Phase 4: Local verification

Tasks

  • 4.1 bash -n syntax check on modified shell scripts — all pass (802-tunnel-deploy.sh, create-cloud-init.sh, secrets-management.sh, integration-testing.sh)
  • 4.2 services.json parses cleanly
  • 4.3 cd website && npm run build[SUCCESS] after removing the networking/tailscale-internal-ingress entry from sidebars.ts (sidebar still referenced the doc page deleted in Phase 3). Only broken anchors flagged are pre-existing in unrelated files (INVESTIGATE-service-dagster, completed/PLAN-001-postgrest-documentation).
  • 4.4 ./uis build — tester step per contributor/tester split (contributor never tests deploys)
  • 4.5 Smoke test legacy CLI surface (./uis tailscale --help, ./uis deploy tailscale-tunnel --dry-run) — tester step

Validation

cd website && npm run build 2>&1 | tail -3
# Expected: [SUCCESS] Generated static files in "build".

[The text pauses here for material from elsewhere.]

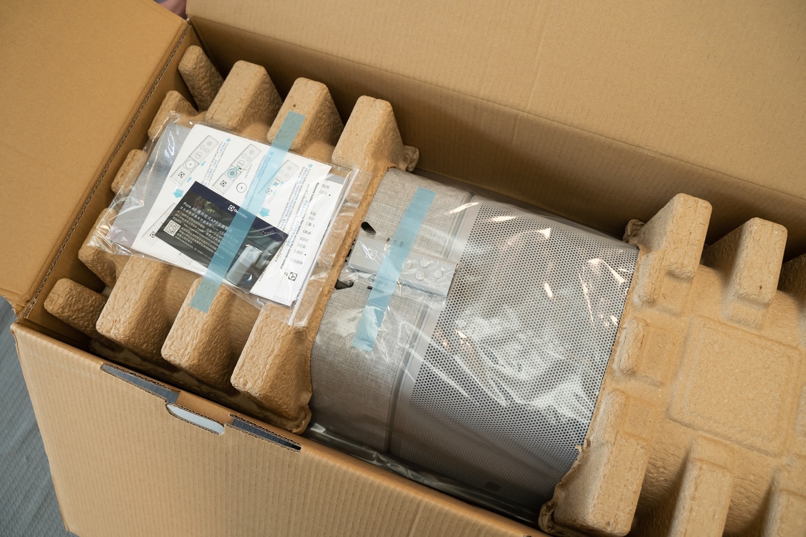 因為是全新,為了怕在存放或運送途中造成濾網平白無故的耗損,所以有包起來,外面也有請使用者取下塑膠膜的提示。等等談到濾網的部分再拆開膠膜慢慢介紹。

bash -n provision-host/uis/manage/uis-cli.sh && echo "uis-cli.sh OK"
# Expected: uis-cli.sh OK

User confirms phase is complete.


Acceptance Criteria

  • Variable set is down from 8 to 5: CLIENTID, CLIENTSECRET, TAILNET, OWNER_ID (cluster path) + VM_AUTH_KEY (cloud-init / VM-bootstrap, renamed from TAILSCALE_SECRET)
  • Dead files deleted: 801-setup playbook, 801-setup shell wrapper, 804-delete shell, 805/806 playbooks, 805 j2 manifest, AUTH_KEY service-keys template, internal-ingress doc page
  • TAILSCALE_OPERATOR_PREFIX references gone from non-historical files
  • BASE_DOMAIN_TAILSCALE references gone (rewired to TAILSCALE_TAILNET where needed, deleted otherwise)
  • Legacy ./uis deploy tailscale-tunnel + ./uis tailscale expose/unexpose/verify still work — this plan does not touch the CLI surface
  • Local npm run build succeeds
  • INVESTIGATE-network-tailscale-cross-cluster-backbone.md updated with the merge commit hash for the deleted internal-mode files

Files to Modify

Edit (variable rename + reads):

  • provision-host/uis/templates/secrets-templates/00-common-values.env.template
  • provision-host/uis/templates/secrets-templates/00-master-secrets.yml.template
  • ansible/playbooks/802-deploy-network-tailscale-tunnel.yml
  • ansible/playbooks/803-verify-tailscale.yml
  • ansible/playbooks/801-remove-network-tailscale-tunnel.yml
  • manifests/800-tailscale-operator-config.yaml.j2
  • manifests/803-tailscale-cluster-ingress.yaml.j2
  • networking/tailscale/802-tailscale-tunnel-deploy.sh
  • networking/tailscale/803-tailscale-tunnel-deletehost.sh
  • website/docs/networking/tailscale-setup.md
  • website/docs/networking/tailscale-network-isolation.md
  • website/docs/ai-developer/plans/backlog/INVESTIGATE-network-tailscale-cross-cluster-backbone.md (commit hash update)

Delete:

  • ansible/playbooks/801-setup-network-tailscale-tunnel.yml
  • ansible/playbooks/805-deploy-tailscale-internal-ingress.yml
  • ansible/playbooks/806-remove-tailscale-internal-ingress.yml
  • manifests/805-tailscale-internal-ingress.yaml.j2
  • networking/tailscale/801-tailscale-tunnel-setup.sh
  • networking/tailscale/804-tailscale-tunnel-delete.sh
  • provision-host/uis/templates/uis.secrets/service-keys/tailscale.env.template
  • website/docs/networking/tailscale-internal-ingress.md

Implementation Notes

  • Order matters within Phase 2. If TAILSCALE_DOMAIN reads are replaced with TAILSCALE_TAILNET before the variable is removed from the templates, the deploy paths keep working; reversing the order leaves a window where deploys fail.
  • BASE_DOMAIN_TAILSCALE audit may surface surprises. It's a cross-cutting variable possibly used in Traefik IngressRoute YAMLs (not just Tailscale playbooks). Be prepared to find readers in unexpected places. If a reader is for a Cloudflare IngressRoute (matching *.<owned-domain>), leave it alone — the cleanup target is the Tailscale-side reads only.
  • INVESTIGATE-network-tailscale-cross-cluster-backbone.md commit-hash update can be done as a follow-up PR if the original PR merges without it; the cross-cluster doc is in backlog and not blocking.
  • This plan is low risk — pure deletions + a rename. No new code. Legacy CLI unchanged. Should be ~2 hours of mechanical work.